--- START ---
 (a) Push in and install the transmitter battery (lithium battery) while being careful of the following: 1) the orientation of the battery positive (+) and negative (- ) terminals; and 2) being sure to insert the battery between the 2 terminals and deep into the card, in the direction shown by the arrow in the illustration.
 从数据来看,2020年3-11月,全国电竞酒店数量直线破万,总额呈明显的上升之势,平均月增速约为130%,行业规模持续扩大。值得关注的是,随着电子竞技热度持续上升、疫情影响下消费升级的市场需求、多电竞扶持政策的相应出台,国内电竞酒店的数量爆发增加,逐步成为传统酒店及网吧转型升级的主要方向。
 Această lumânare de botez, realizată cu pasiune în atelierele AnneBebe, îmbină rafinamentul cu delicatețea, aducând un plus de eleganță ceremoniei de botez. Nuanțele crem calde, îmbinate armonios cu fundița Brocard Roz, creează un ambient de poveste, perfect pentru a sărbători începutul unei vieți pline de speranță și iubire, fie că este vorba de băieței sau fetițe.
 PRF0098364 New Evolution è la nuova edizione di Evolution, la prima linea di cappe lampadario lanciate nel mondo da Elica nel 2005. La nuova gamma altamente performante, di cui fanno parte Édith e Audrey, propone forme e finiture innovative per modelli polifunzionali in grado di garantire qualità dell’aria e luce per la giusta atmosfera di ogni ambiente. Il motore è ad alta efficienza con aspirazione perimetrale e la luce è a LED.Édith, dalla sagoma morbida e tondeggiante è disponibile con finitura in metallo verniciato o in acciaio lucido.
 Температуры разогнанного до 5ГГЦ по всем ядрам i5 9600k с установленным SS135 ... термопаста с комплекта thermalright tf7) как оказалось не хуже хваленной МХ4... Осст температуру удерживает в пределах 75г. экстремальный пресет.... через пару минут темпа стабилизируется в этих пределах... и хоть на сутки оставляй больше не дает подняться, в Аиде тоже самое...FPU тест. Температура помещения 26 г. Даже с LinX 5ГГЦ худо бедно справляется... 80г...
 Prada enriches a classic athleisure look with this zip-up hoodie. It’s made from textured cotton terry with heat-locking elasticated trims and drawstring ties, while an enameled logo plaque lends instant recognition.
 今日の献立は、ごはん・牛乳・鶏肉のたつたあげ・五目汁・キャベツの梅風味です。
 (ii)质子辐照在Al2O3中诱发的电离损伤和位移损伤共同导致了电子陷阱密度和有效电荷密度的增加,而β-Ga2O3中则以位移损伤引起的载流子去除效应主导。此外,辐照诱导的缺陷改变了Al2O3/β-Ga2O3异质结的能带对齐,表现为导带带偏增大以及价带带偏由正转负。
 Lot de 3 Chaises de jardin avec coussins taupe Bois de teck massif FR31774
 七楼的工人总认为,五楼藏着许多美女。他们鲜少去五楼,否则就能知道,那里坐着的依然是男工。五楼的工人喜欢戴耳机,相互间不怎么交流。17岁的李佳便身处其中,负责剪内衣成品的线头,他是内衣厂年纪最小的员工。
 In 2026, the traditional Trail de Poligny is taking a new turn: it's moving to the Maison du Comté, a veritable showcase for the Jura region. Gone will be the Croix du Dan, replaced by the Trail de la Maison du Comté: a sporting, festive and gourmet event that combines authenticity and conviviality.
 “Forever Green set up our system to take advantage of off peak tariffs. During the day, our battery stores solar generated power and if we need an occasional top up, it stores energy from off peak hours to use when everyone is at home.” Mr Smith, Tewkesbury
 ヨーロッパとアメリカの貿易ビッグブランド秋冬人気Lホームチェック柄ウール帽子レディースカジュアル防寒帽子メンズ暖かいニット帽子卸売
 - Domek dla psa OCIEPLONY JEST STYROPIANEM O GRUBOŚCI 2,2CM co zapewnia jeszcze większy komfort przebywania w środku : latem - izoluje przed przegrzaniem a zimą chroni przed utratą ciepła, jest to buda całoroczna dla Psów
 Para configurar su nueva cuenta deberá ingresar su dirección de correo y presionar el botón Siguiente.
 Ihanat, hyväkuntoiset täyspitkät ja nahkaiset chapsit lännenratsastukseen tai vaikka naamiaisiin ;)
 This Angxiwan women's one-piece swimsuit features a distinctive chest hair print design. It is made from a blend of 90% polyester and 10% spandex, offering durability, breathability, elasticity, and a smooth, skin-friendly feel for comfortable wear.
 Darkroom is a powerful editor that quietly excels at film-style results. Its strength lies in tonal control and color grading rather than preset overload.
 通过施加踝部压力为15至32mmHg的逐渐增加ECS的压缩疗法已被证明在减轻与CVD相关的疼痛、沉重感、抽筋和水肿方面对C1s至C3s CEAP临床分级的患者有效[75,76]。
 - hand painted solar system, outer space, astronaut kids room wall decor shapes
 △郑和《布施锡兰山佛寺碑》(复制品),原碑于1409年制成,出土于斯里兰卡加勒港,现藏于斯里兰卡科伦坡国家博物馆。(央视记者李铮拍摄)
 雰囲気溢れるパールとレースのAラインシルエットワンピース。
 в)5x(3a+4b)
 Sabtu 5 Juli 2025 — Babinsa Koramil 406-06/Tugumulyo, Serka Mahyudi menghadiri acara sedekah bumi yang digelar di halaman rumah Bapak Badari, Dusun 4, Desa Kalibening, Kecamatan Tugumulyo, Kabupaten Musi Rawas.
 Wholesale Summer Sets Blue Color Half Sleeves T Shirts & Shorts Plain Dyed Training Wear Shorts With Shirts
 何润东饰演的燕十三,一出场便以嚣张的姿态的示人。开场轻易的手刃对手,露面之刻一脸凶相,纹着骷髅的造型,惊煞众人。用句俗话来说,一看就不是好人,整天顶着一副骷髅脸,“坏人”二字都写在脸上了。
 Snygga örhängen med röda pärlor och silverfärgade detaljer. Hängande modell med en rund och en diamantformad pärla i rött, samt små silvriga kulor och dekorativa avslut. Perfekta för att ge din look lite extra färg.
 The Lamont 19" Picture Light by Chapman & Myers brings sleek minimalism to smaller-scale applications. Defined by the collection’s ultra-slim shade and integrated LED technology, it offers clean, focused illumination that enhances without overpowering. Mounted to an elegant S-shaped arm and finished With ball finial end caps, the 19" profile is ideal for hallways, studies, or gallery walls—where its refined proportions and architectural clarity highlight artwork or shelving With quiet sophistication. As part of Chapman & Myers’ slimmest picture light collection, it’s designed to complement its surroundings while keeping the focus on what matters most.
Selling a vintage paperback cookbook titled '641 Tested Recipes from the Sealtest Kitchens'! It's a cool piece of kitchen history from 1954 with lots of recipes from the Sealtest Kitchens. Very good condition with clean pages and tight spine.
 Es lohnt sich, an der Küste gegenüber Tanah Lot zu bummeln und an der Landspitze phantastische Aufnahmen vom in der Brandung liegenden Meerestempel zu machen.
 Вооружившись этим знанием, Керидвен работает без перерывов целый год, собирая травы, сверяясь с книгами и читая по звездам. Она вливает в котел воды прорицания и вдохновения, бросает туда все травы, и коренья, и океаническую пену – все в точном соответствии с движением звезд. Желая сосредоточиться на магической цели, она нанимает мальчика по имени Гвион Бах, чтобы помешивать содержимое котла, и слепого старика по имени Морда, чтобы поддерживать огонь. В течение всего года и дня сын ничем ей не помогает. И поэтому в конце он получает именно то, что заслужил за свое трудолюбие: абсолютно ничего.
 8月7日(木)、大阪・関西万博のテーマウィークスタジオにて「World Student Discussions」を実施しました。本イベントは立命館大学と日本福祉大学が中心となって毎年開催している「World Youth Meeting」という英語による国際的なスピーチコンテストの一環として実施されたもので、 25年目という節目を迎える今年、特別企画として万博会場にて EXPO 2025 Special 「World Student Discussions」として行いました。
--- END ---
Assignment: Please count the lines in the material above where the word "system" occurs, and give only the number.

Expected output: 2